--- Task item ---
Images are to be dropped, and the rest of the data reproduced exactly.

--- Dataset excerpt ---

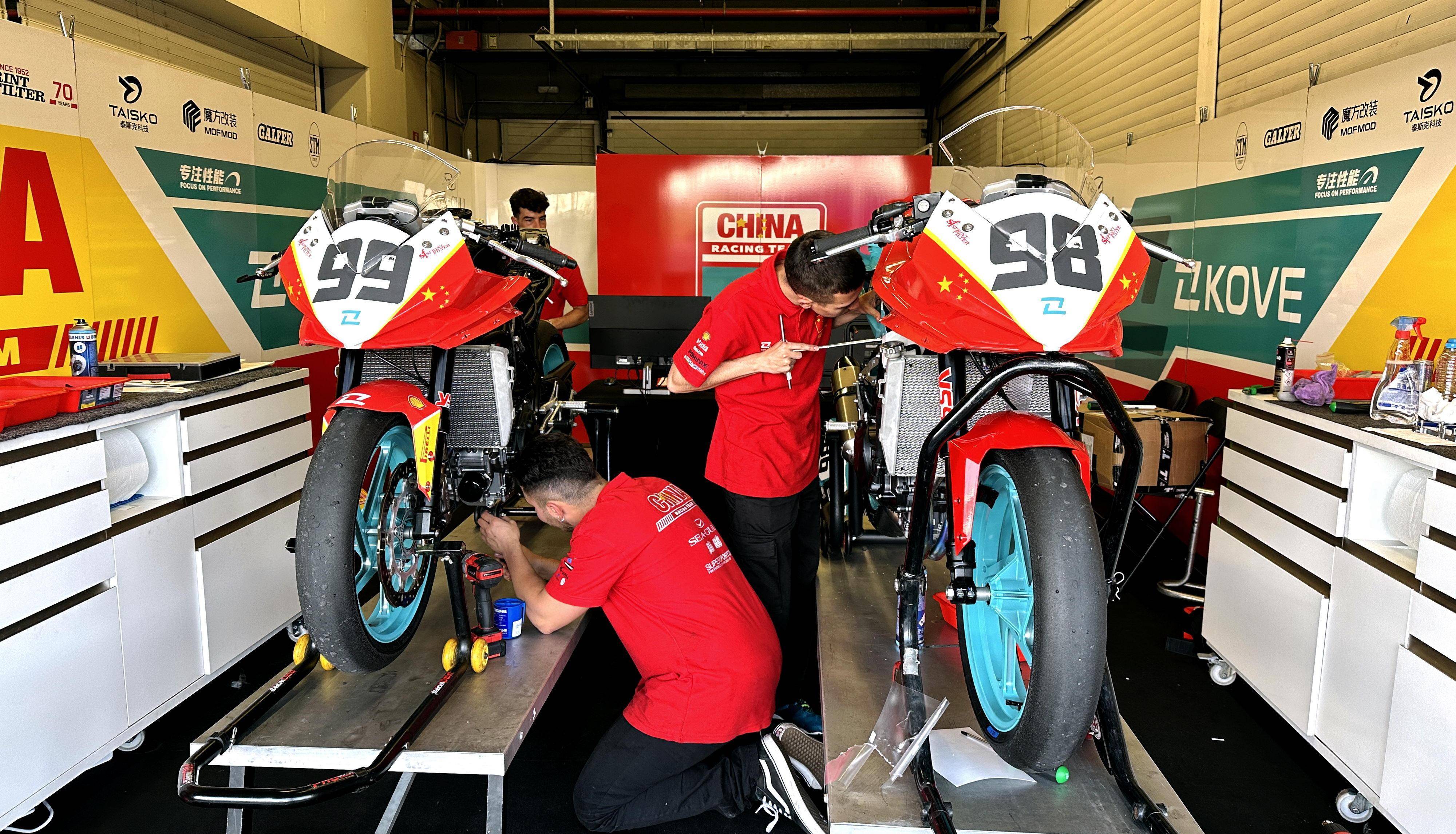 兩位中國車手所使用的、最新工廠規(guī)格的凱越 321 賽車,從表面上去看,消聲器、前叉外部組件,與國內(nèi)的賽道版沒有太大的差異。但有著 YSS 優(yōu)化的前叉芯和后減震,Solo 的快速換檔系統(tǒng)、儀表板(估計 ECU 也是 Solo 的 FIM 指定規(guī)格),都意味著這臺工廠賽車所承擔(dān)著的、不是一個輕松的任務(wù)。
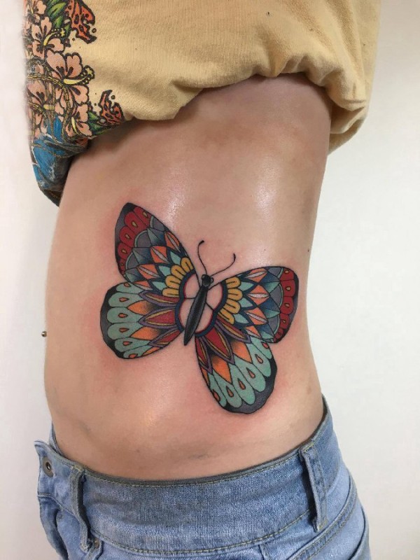 百乐动物纹身 女生侧腰上彩色的蝴蝶纹身图片
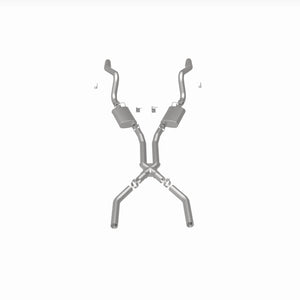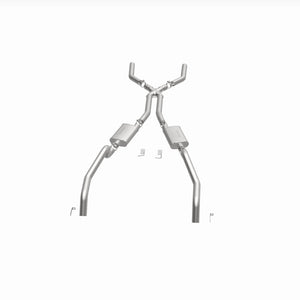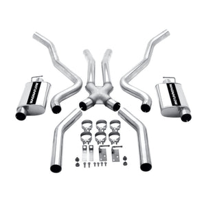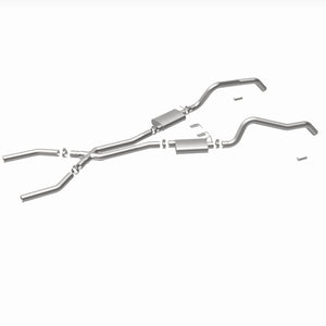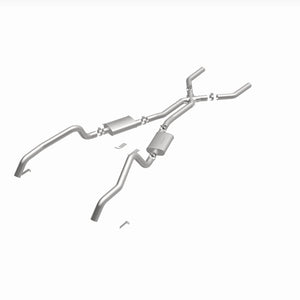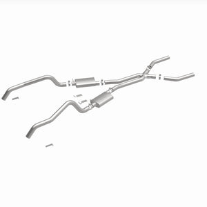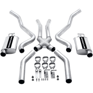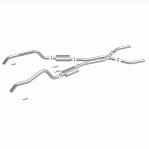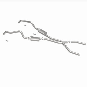 The MagnaFlow Street Series Crossmember-Back Performance Exhaust System 15852 brings enhanced engine sound and dyno-proven performance to your muscle car with a healthy helping of our deep, resonant signature exhaust note at Aggressive exterior and Moderate interior sound levels. Thanks to its durable, corrosion resistant stainless steel design, this exhaust system will handle whatever tarmac you decide to leave your mark on. This performance exhaust kit features a crossmember-back layout designed to replace your exhaust system from the crossmember on back. With its fast-flowing, mandrel bent 3in. main piping and 2 Straight-Through mufflers ending in a Dual Split Rear exit that you can enhance with tips of your choosing, your muscle car will be sounding as awesome as it looks. Extensive 3D scanning during development has resulted in a direct-fit design that you can easily install yourself. 15852 is produced using CNC precision robotic manufacturing techniques and is backed by MagnaFlow's limited lifetime construction warranty.

--- Expected answer ---
 兩位中國車手所使用的、最新工廠規(guī)格的凱越 321 賽車,從表面上去看,消聲器、前叉外部組件,與國內(nèi)的賽道版沒有太大的差異。但有著 YSS 優(yōu)化的前叉芯和后減震,Solo 的快速換檔系統(tǒng)、儀表板(估計 ECU 也是 Solo 的 FIM 指定規(guī)格),都意味著這臺工廠賽車所承擔(dān)著的、不是一個輕松的任務(wù)。
 百乐动物纹身 女生侧腰上彩色的蝴蝶纹身图片
 The MagnaFlow Street Series Crossmember-Back Performance Exhaust System 15852 brings enhanced engine sound and dyno-proven performance to your muscle car with a healthy helping of our deep, resonant signature exhaust note at Aggressive exterior and Moderate interior sound levels. Thanks to its durable, corrosion resistant stainless steel design, this exhaust system will handle whatever tarmac you decide to leave your mark on. This performance exhaust kit features a crossmember-back layout designed to replace your exhaust system from the crossmember on back. With its fast-flowing, mandrel bent 3in. main piping and 2 Straight-Through mufflers ending in a Dual Split Rear exit that you can enhance with tips of your choosing, your muscle car will be sounding as awesome as it looks. Extensive 3D scanning during development has resulted in a direct-fit design that you can easily install yourself. 15852 is produced using CNC precision robotic manufacturing techniques and is backed by MagnaFlow's limited lifetime construction warranty.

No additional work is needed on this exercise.